Cobb had to face a whole other struggle with how to move forward with his career. He was raised in the United Methodist Church, ordained as a deacon in 1985 and as an elder in 1991. And he was aware the Methodist church has a stance on homosexuals.
"I was struggling with some contradictory statements, because they state that gay people still have sacred worth," he said. "But we can't be practicing homosexuals ... whatever that means. And we definitely can't be in a leadership position, which is exactly where I was."
Cobb eventually decided not to go through a trial of sorts, but simply stepped down. Five years after coming out, he was ordained in the Metropolitan Community Church, where he currently serves.
"It's interesting that for a while I said I was trying to figure out if I was, in fact, gay," he said. "But I was. I am. I knew when I was 10 years old that I was unique. I remember looking at a boy with the same longing eyes as my sisters."
Taylor faced a different struggle over the years, trying to understand why her ex-husband was the way he was. Thinking back, she realized Cobb's "secret was a poison to the marriage."
Slowly, she came to realize that she was not the problem in the relationship, or the cause of growing distance and lack of intimacy between them while they were still married.
"I simply couldn't compete with what he wanted in a partner," she said.
Taylor, who is currently a music minister at a Methodist church in Blacksburg, said she wrote herself into therapy. She said she read as much as she could about similar experiences. She also admitted that she had gay friends in college, and never had a problem with them.
"I am no expert on the subject, but I tried," she said. "I don't know what the cause of it is ... genetics, a choice, experimenting, abuse ... but I realized it didn't matter."
Taylor said she came to the realization that she had always been free to express her sexuality - "in an appropriate way, of course."

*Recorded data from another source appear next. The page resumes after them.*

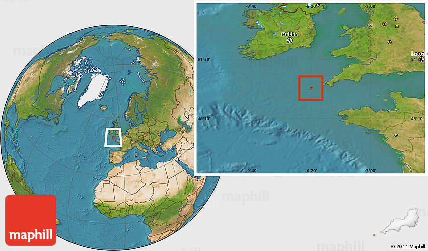 Maphill is a collection of map images. This image combines a satellite map with the globe centered on Isles of Scilly. Use the buttons under the image to switch to different map types.
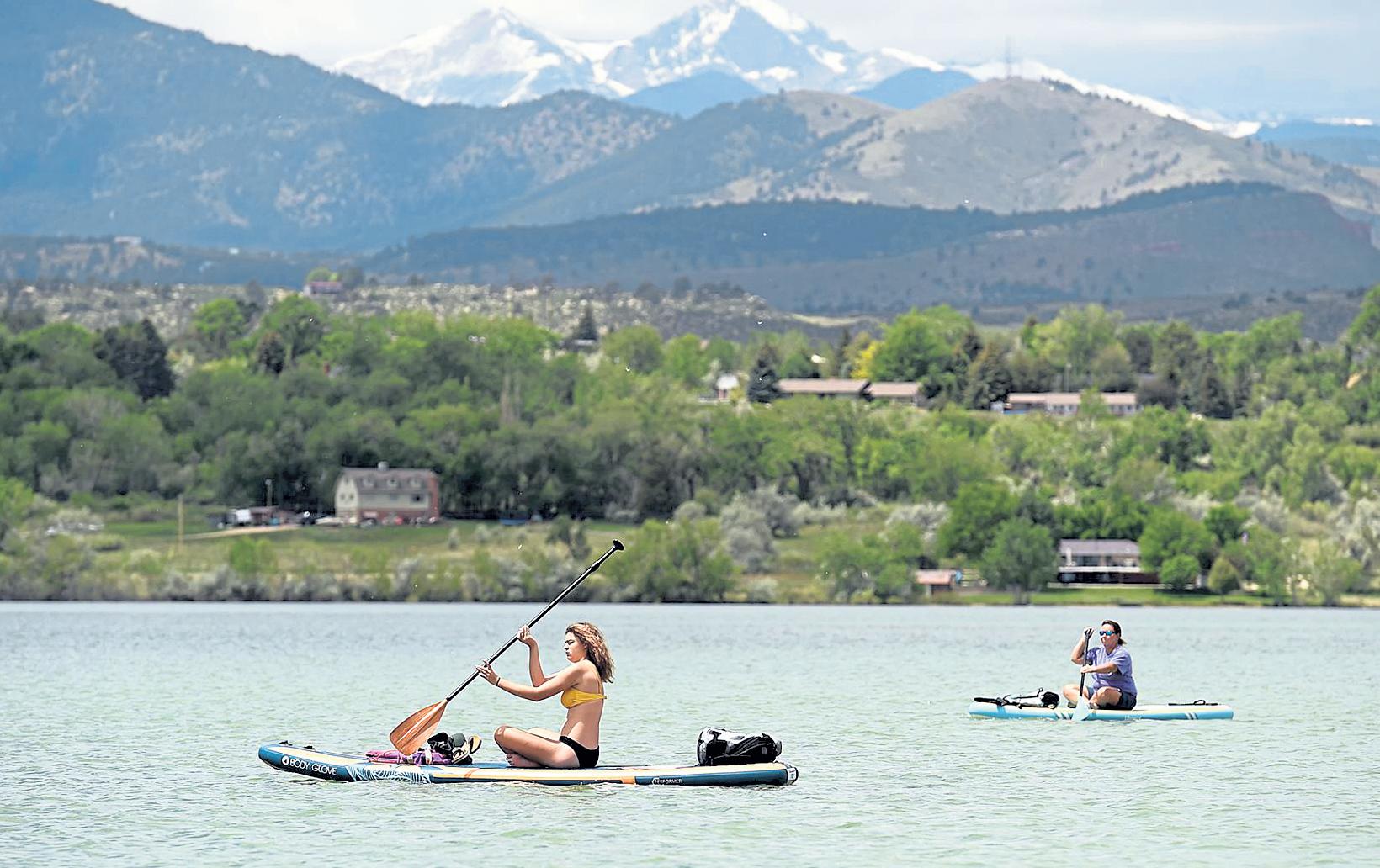 Above: Brooke Matheson of Loveland, 16, center, rows her paddleboard June 6 at Boedecker Lake in Loveland. Right: Vivian Garrett, 6, left, and Maggie Pott, 5, right, share a laugh while working on their self portraits June 13 during an Art Camp at the Wildfire Community Arts Center in Berthoud.
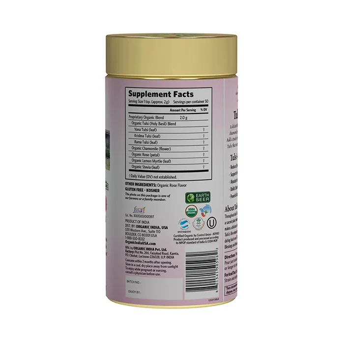 Organic India's foundational herb, adaptogenic Tulsi, combined with soothing rose and chamomile. Calming and centering with a divine fragrance.
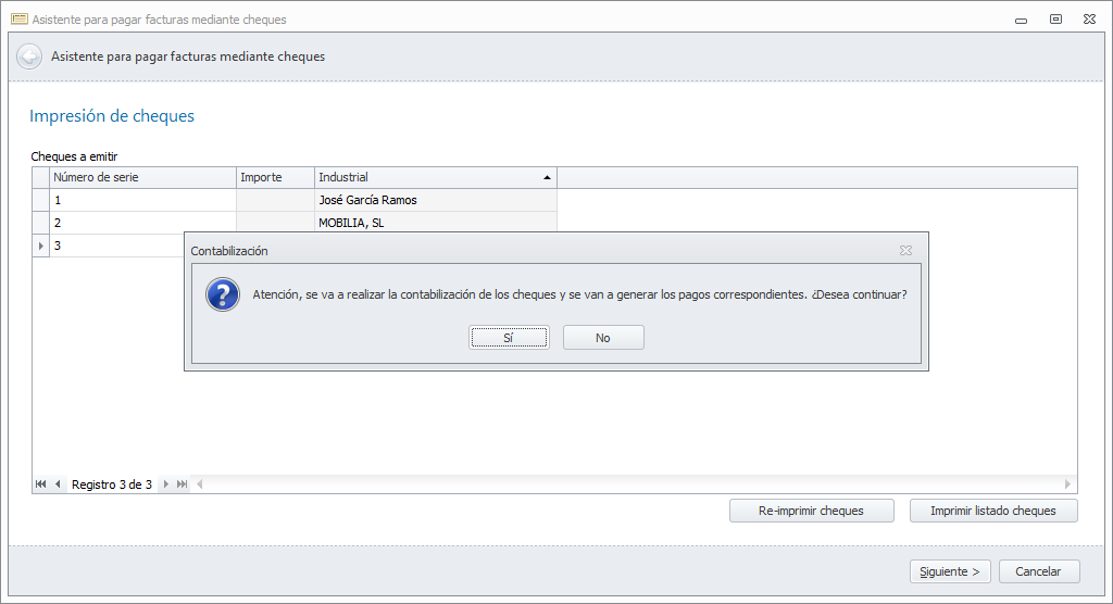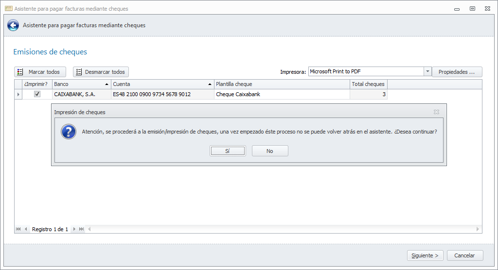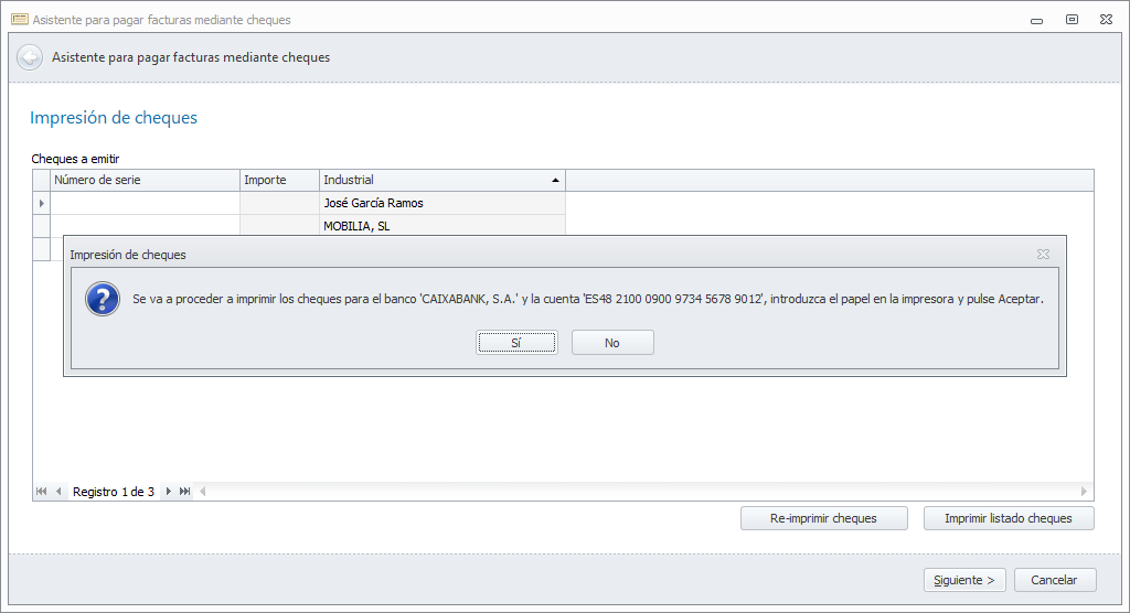 A continuación, muestra un mensaje para que confirme que tiene el papel de cheques puesto en al impresora para la primera de las cuentas bancarias. Al contestar Sí, se inicia la impresión.

"Could any amount of counseling, prayer or bible study rewire me?" she asked. "Would any future relationship that Joe had every hurt me or hurt anyone else? Is thinking it's weird and not understanding it a good enough reason to call it a sin?"
Taylor said she came to believe that "as a sinner" she had no room to judge her ex-husband based on his sexuality.

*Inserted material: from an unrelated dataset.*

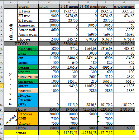 . Но доход превысил запланированный и поэтому отложить поучилось побольше. В минус не ушли но только потому что не было ремонта машины, не купили ребенку путевку в лагерь. Если бы и эти траты были бы конечно в минусе.
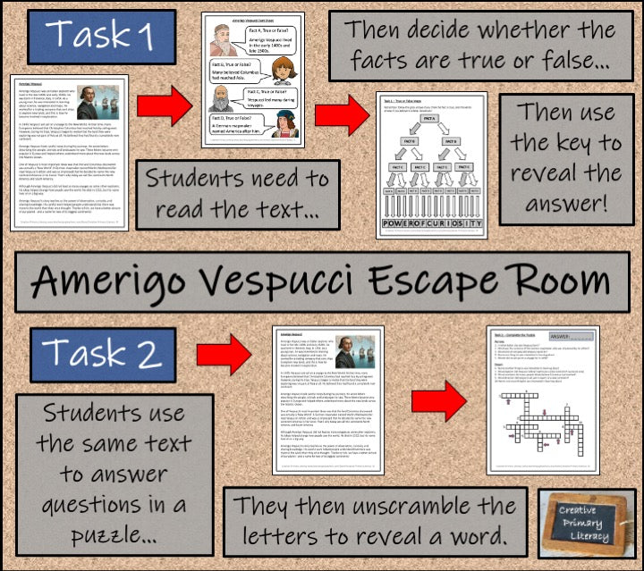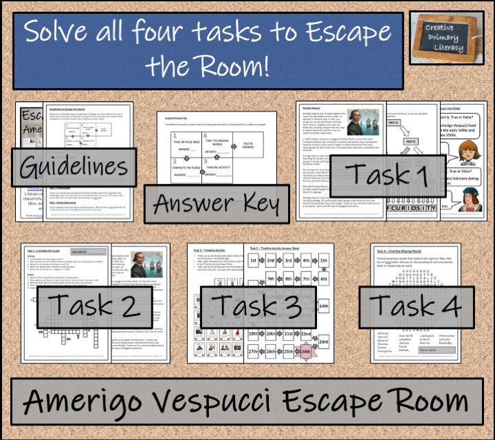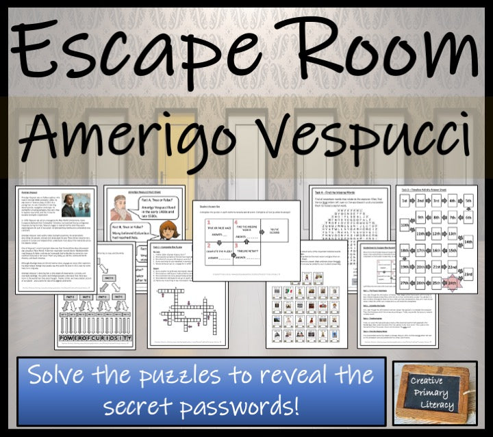An Escape Room activity about the explorer who played an important role in discovering that the lands found by Columbus were part of a new continent, not Asia, Amerigo Vespucci. Ideal for fifth grade or sixth grade, the activity is perfect for group work, starting a new topic, team-building activities or for a fun, engaging and interactive lesson. The activity can be used in English class as it incorporates some ELA skills or in Social Studies.

"We're all sinners," she said. "We've removed generations of people from the church by turning them away from God's love. We are too obsessed with sexual 'sins.' Instead, we need to be honest about our own self and honor our own bodies."

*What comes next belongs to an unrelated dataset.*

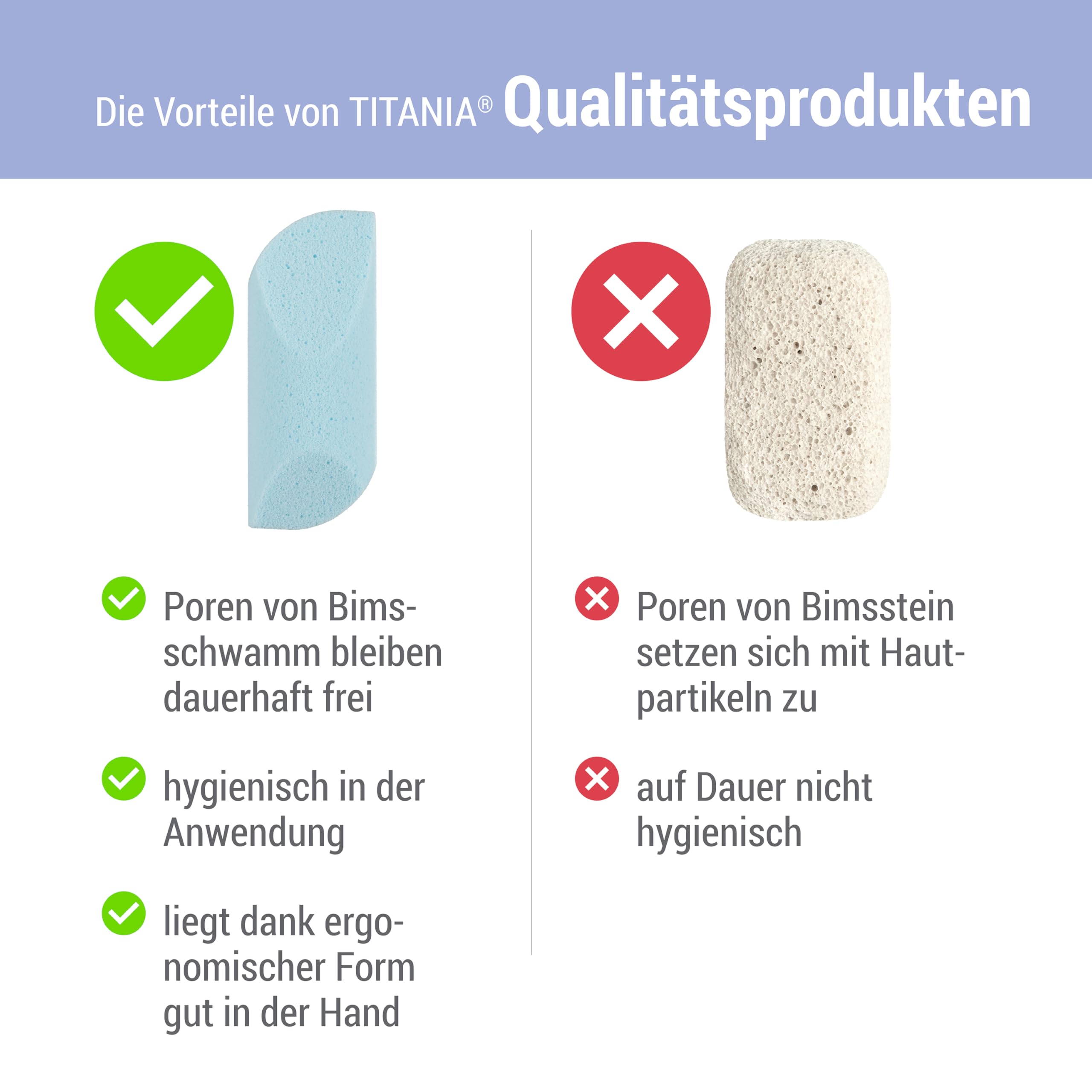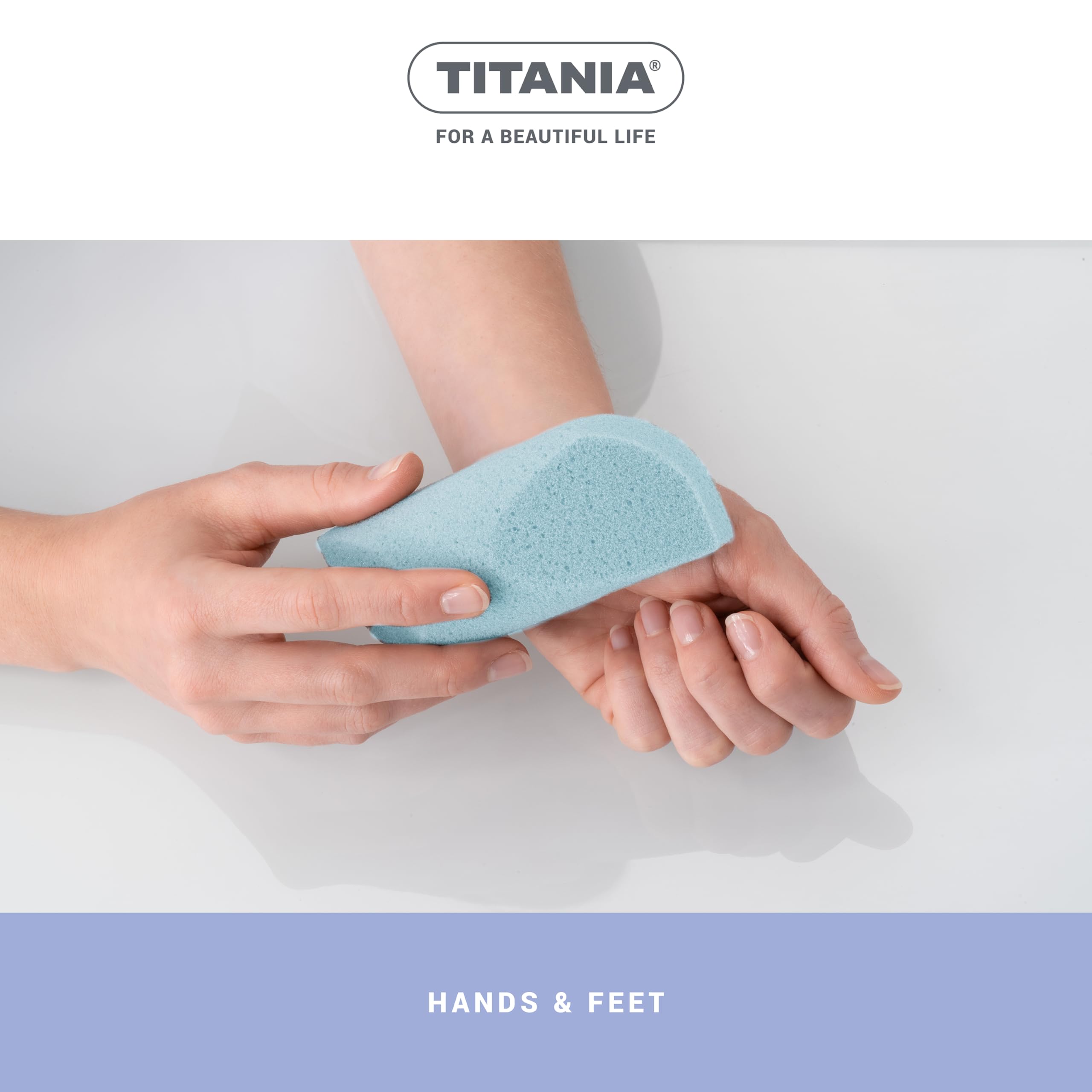 TITANIA Bimsschwamm Antibakteriell (abgerundet) • Bimsschwamm für Hand- & Fusspflege • Ergonomisch geformter Hornhautentferner • Bimsschwamm Fusspflege • Made in Germany • Bimsschwamm für Füsse und Hände

The authors decided together to teach love to their two children. Taylor said she would rather die than lead her little ones "astray with hate." She also said that she and Cobb have made sure that their family and homes are places of love and acceptance, so that their children would never have to keep the same painful secret that their father did.
Cobb and his partner, James Matthews, also have their own two young children, Ginny and JJ.
"We don't always understand it," he said. "But it's very exciting to create a new way of being family."
The group vacations together and Taylor is even the godmother of one of Cobb's children. Taylor said she constantly prayed that her ex would find a good partner and stepfather for her children.
After all this time, Cobb and Taylor have learned a number of things, one of them being that "if you don't address something, it will address you." Cobb said to this day that he loves Taylor, and has ever since he "fell in love with her soul."
Copenhaver, after the presentation, admitted that he is what some may call a "recovering homophobe."
"I wanted my students to hear this story so that it could expand their views. The world is changing, people are evolving," he said. "I still don't really get it - being gay - but I guess I don't have to."